As he was being executed, a dozen death penalty opponents stood in quiet protest about a mile from the sprawling Georgia Diagnostic and Classification Prison just outside of Jackson. They held signs proclaiming their opposition. “End state killing,” one sign read. Another proclaimed “not in my name.” They also stood in a circle while they prayed and sang. And just a few yards away, two women from High Falls waited in support of his execution and to show support for the victim’s family. “They waited for news of Lynd’s death at a picnic table a few yards from the death penalty protesters. “They shouldn’t let so many years go by,” said Claudia Bishop. “I feel for the victim’s family and for his family but not for him.”

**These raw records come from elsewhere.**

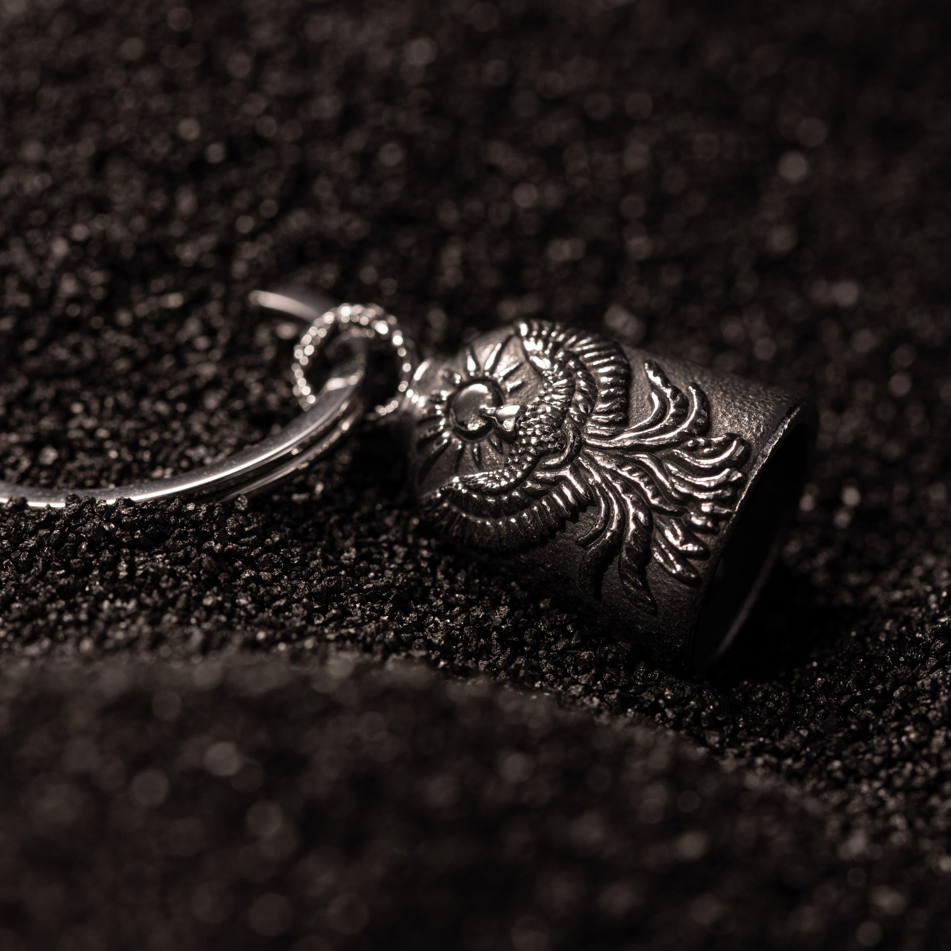 The phoenix carved into its surface isn’t just breaking through metal. It’s rising toward the sun, pulling good fortune into every mile ahead. Hang it low and let it catch the wind. Let it ring for safe roads, open skies, and the rare kind of luck that grows when you give it away, or if you’re feeling less traditional, when you give it to yourself.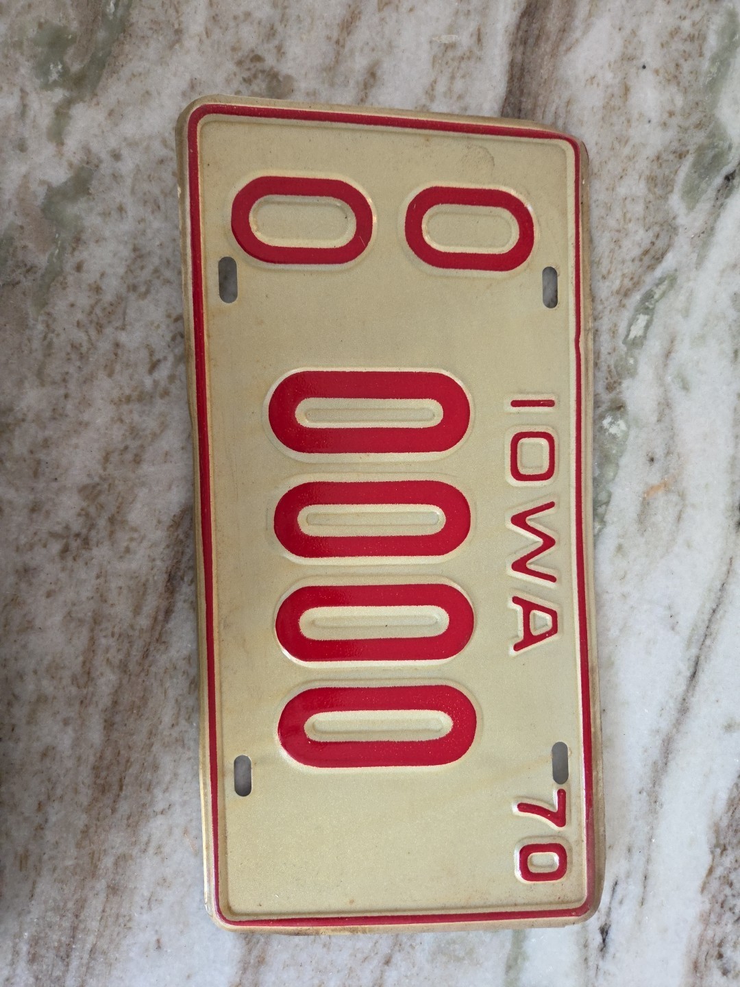- vintage 1970 Iowa Sample License Plate 00 0000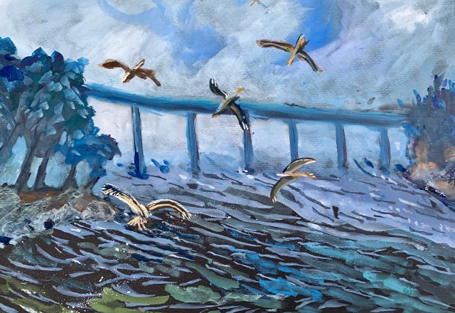 Most of this was painted on the spot but I did not have enough courage to do the birds there. Instead I came home and used my photos since I was uncertain of what the gulls really look like when flying.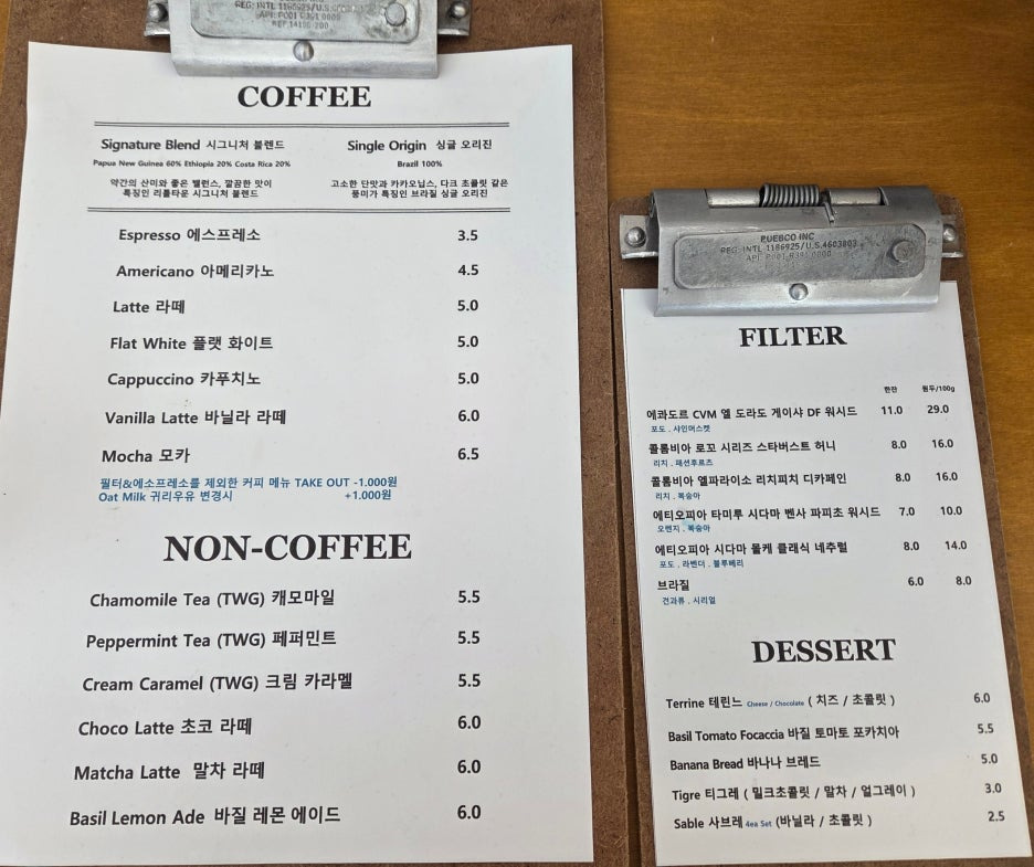 메뉴판 및 디저트 참고!!

Prison spokesman Paul Czachowski said Lynd spent much of his last day visiting with a sister and a girlfriend. He was “somber,” and requested a mild sedative to calm him in the hours before going to his death. Lynd’s brother and sister-in-law witnessed the execution while his mother and other relatives waited elsewhere in the prison. Lynd said only “no” when asked if he had a final statement. He also declined a prayer.

Lynd was sentenced to death in Berrien County in far South Georgia for killing his live-in girlfriend, Ginger Moore, on Dec. 22, 1988. According to testimony, Lynd and Moore got into an argument and he shot her in the face, wounding her. She followed Lynd to the front porch where he shot her a second time. Lynd put her in the trunk of a car and drove away. Trial testimony was that he killed her when he shot her a third time because she continued to thump on the trunk. But a medical examiner now says Moore was not alive when Lynd put her in the trunk, according to his appeals, and that should have made him ineligible for the death sentence because kidnapping does not apply to someone who is dead.

Lynd’s attorney, Tom Dunn, said a lack of money prevented him from presenting those findings that might have spared Lynd from a death sentence. “In my 20 years of capital defense work, except for DNA exonerations, I have never had a clearer factual basis for relieve,” Dunn said in a written statement. “No mincing of words. Just objective medical and physical evidence. Unfortunately, it came too late because of the lack of funds to hire the necessary experts.”